Professor Karyn Smith held on as long as she could.
She scheduled her maternity
leave to start only about a week before she was due to give birth at the end of
April. Although the physical changes became obvious, her energy level never seemed
to drop. She probably could have kept teaching right up through labor without
missing a beat. We wouldn’t have known the difference until we heard an
infant’s cry from behind her desk.
Realistically, though, we
knew she would have to leave before that.
A week before Smith’s
departure, she and I sat in her office planning the last few weeks of the
semester. A few days before, we had independently brainstormed lists of
concepts we wanted to cover or reinforce in the limited time left.
My initial list looked like
this:
Things to Go Over
- Quotation Methods
- Attribution, Including Use
of “Said”
- Paragraphing
- AP Style
- Editorializing and
Objectivity
- Balance (and False Balance)
- Assessing Sources,
Fact-checking
- Digital Journalism –
Differences and Similarities, Strategies for Horizons
- Ethics
I next whittled the list down
to those items that mattered most:
- Paragraphing: Although many of the students had shortened their
paragraphs while writing the April issue, many still had significant questions
about where to break up long strings of sentences.
- Editorializing and Objectivity: I had noticed a number of articles
written ostensibly from an objective point of view would conclude with a single
paragraph exhorting readers to “go do such-and-such!” Large cuts had to be made
to one article in which the student kept shifting from an objective tone to an
editorial tone.
- Digital Journalism: Students had expressed a desire to do more with
Horizons in the online space. We were
already considering ways to make that happen in the future. To do it well,
though, they would have to learn some of the conventions unique to online journalism.

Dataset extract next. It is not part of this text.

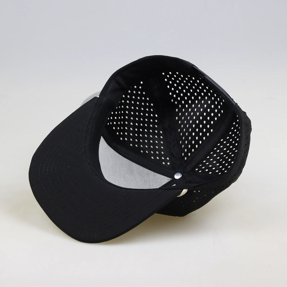 Oem Custom Mens 5Panel Laser Cut Hole Snap Back Quick Dry Black 3D Embroidery Logo Waterproof Snapback Rope Hat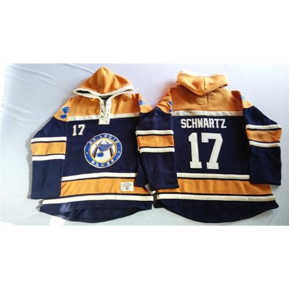 Blues #17 Jaden Schwartz Navy Blue/Gold Sawyer Hooded Sweatshirt Stitched NHL Jersey

Smith brought her own list,
which included some of the same items as mine. With the remaining weeks on the
schedule as our guide, we created an outline for what she would cover and what
we hoped Professor Cindy Boynton would cover:
CINDY
- Quotation methods & attribution--use of “said”
- Paragraphing
- AP Style
KARYN
- Objectivity in reporting/assessing sources
- looking
at other student newspapers--review them?
- emails?
- editing?
Cindy Final Project Ideas:
- Digital Journalism--differences and similarities,
strategies for Horizons
- how dj is
different
- source
incorporation
- pictures
We probably wouldn’t even get
through all those lessons. I expressed my frustration to Smith that it seemed
like there was still so much to do.
“I’ve learned that you have
to be okay with the fact that you can never cover everything,” she told me.
It was good advice, and I
suppose I’ll have to learn to be comfortable with those limitations. There are
only so many hours. They have to be split between instruction, discussion and
production.
If I could, I’d sit down with
these people and continue this educational journey indefinitely. That must be how
those who pursue careers in education feel.
But reality will always
intrude. People have lives. Smith loves her job, but she also has a personal
sphere – one that now involves a baby, who takes precedence.
We all must eventually move
on, even if it means missing a few things.